I am using TCGAbiolinks and trying to download all RNA-seq data from a specific tumor as an example (TCGA-THYM). I am able to make the queries and download the data correctly. However, I wanted to check if I downloaded all the files (just in case). Following this link you can see there are 11 Solid Tissue Normal TCGA-THYM samples. I searched file by file, and all 11 files contain RNA-seq data (FPKM-UQ.txt files). Nevertheless, TCGAbiolinks only downloads 2 files. I tried all the combinations of parameters and even downloading everything but it's always the same case. I am unable to download the 9 left samples. Anyone knows the problem? Here's the simple code I used:
query <- GDCquery(project = "TCGA-THYM", data.category = "Transcriptome Profiling", data.type = "Gene Expression Quantification", workflow.type = "HTSeq - FPKM-UQ", sample.type = "Solid Tissue Normal")GDCdownload(query, method = "api", files.per.chunk = 10) GDCdownload(query, method = "api", files.per.chunk = 10)

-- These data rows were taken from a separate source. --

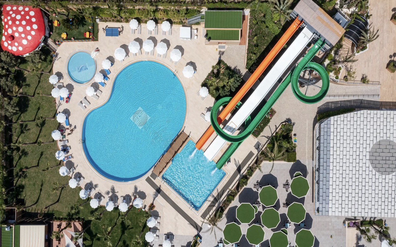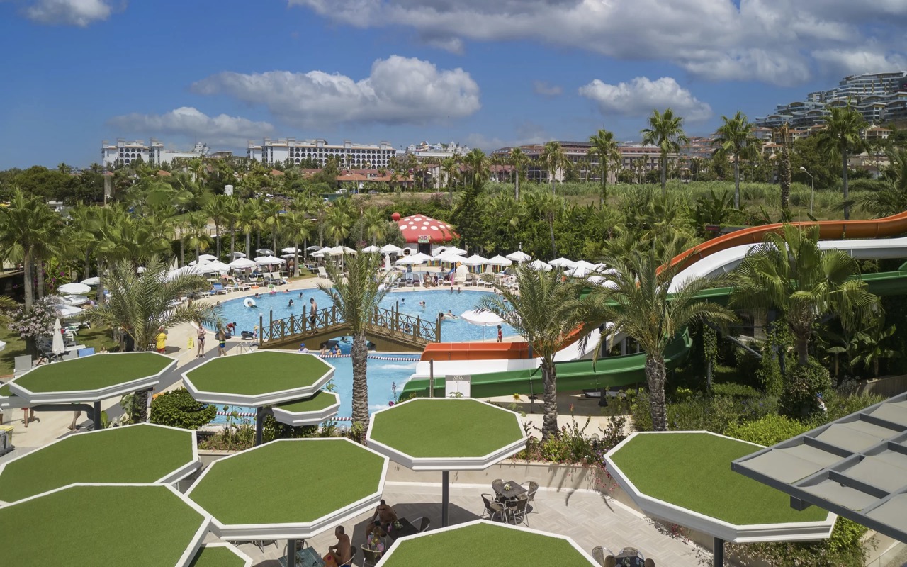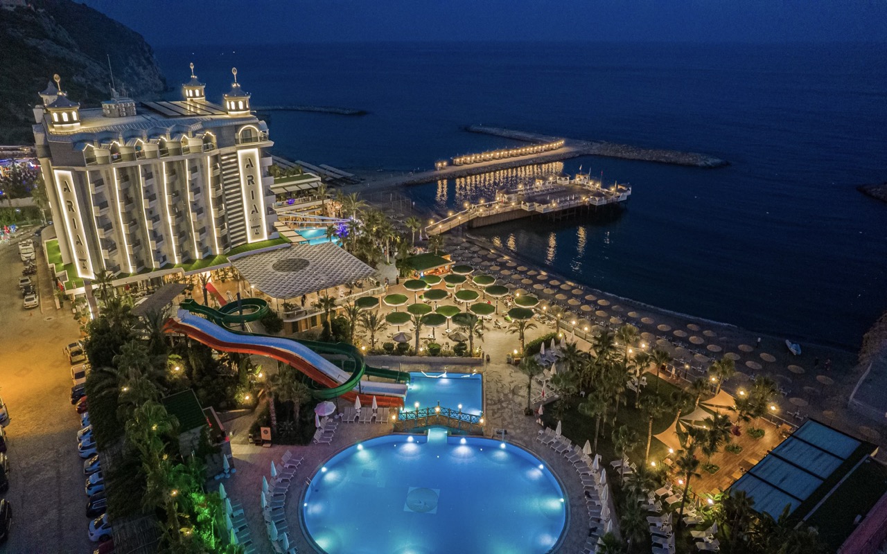 The hotel is located in the city of Konakli in the Alanya region, on the first coastline and consists of two buildings, which are located across the road from each other. The territory has outdoor pools for adults and children, water slides, several restaurants and bars. The hotel has a spa center and a gym. Also among the entertainment guests are offered billiards, table tennis, water sports, and animation entertainment programs. There is a mini club for children. The hotel is ideal for family and active recreation.
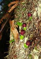 This miniature sized, cool to cold growing terrestrial or occasional epiphyte species is from New South Wales, Victoria and Tasmania Australia, occuring in moist sheltered sites in open, sclerophyll and rainforest with a mostly round, basally clasping, ground hugging single leaf that blooms in the winter and spring on a single flowered, short, erect inflorescence, pollinated possibly by fungus gnats.
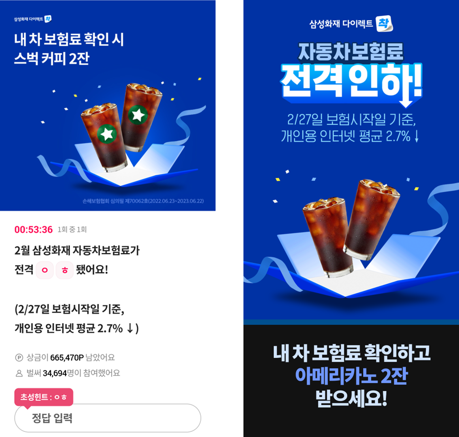 OK캐쉬백 오!퀴즈 (2023년 3월 21일) 챌린지 2023년 03월 21일 by issue OK캐쉬백 오퀴즈 삼성화재 다이렉트자동차보험도전! 초성을 추측할 수 있지만 정답을 확인하려면 힌트 보기를 누르세요. 지금 제출하고 5p를 받으세요! '추천 관련글, 2023년 2월 21일 화요일 마감(헐카롱) 2023.02.15 오퀴즈※4월 26일 카카오뱅크 굿모닝 챌린지 시즌2
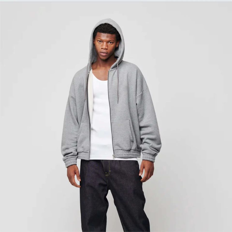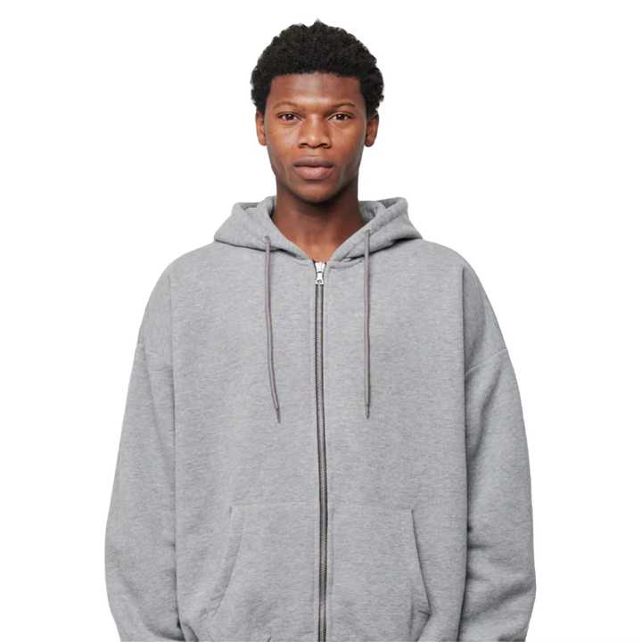 Qualité supérieure gris chiné sweats à capuche zippés 400GSM poids lourd français éponge polaire Patch Applique broderie fermeture éclair sweats à capuche hommes
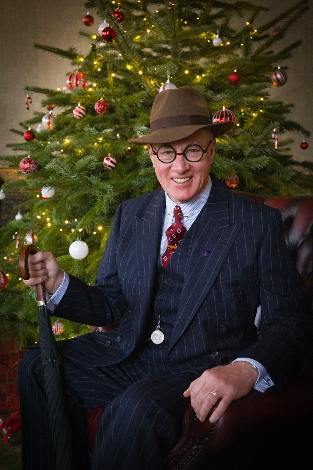 A navy pinstripe double breasted suit (demob) in front of Christmas tree
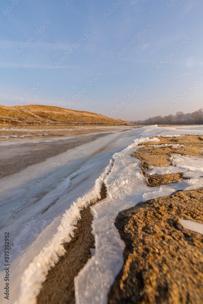 Hoarfrost and fresh powder snow in winter, on a wild, beautiful, river bank
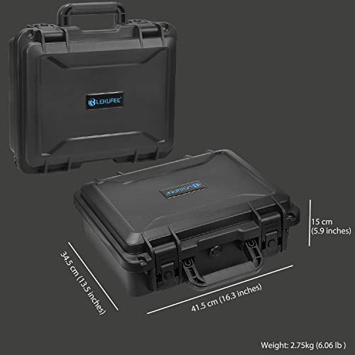 - 【Strong Protection】Waterproof and Dust Proof IP67 Certification. Weight: 2.75 kg (6.06 Ibs). External Dimensions (LxWxH): 16.3 x 13.5 x 5.9 inches / 41.5 x 34.5 x 15 cm. With two action latches. Keep the case securely closed using compressive force. Ideal for traveling or home storage. Suitable for outdoor environments such as deserts, beaches, rain forests, snow mountain, etc.
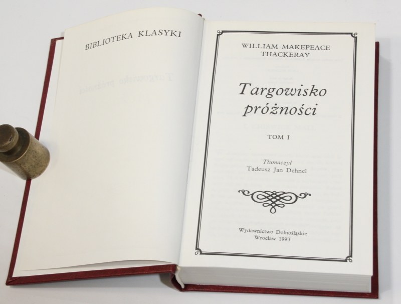 William Makepeace THACKERAY Targowisko próżności 1-2t. Wrocław 1993 Wydawnictwo Dolnośląskie Ser. wyd.: Biblioteka Klasyki 654; 664 s. o. oryginalne, ozdobne Górne obcięcia kart złocone s. bdb For. ca: 21×13 cm |
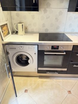 В квартире имеется два кондиционера и подогрев полов. Вся встроенная бытовая техника: посудомоечная машина, стиральная машина, духовой шкаф и микроволновая печь.
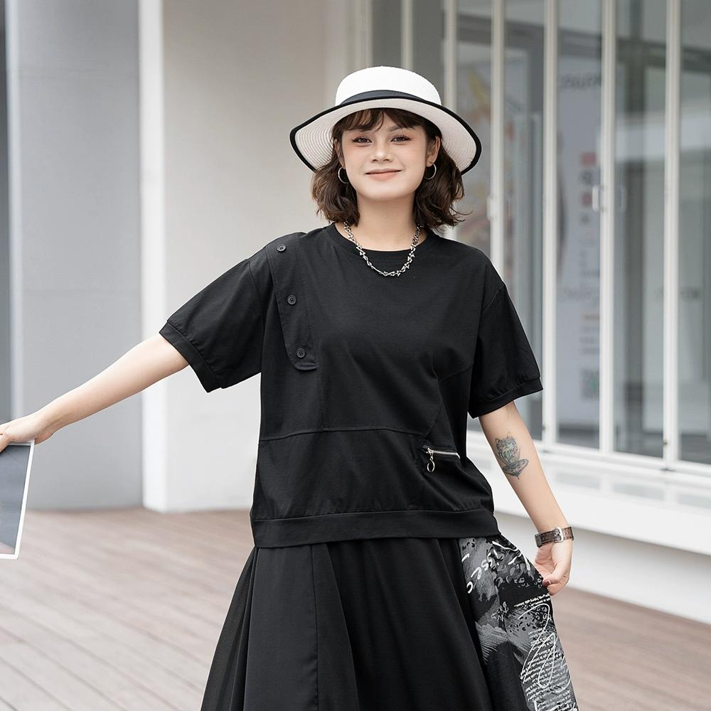Dimanaf 2024 Женская футболка с женскими пуговицами, однотонные эластичные хлопковые свободные топы с короткими рукавами и футболки с круглым вырезом

I would encourage you to post an issue on their GitHub repository. The developers do not log in here too often. Keep in mind that FPKM-UQ data is not suitable for many analyses.
Hi Kevin, thanks for the answer, I finally solved it. It is true that the 11 files contain RNA-seq FPKM-UQ files but although I used a "Solid normal tissue" filter, those files were from primary tumors. Weird. But at least the downloads are correct. About the last comment... Which type of analyses this type of data isn't suitable?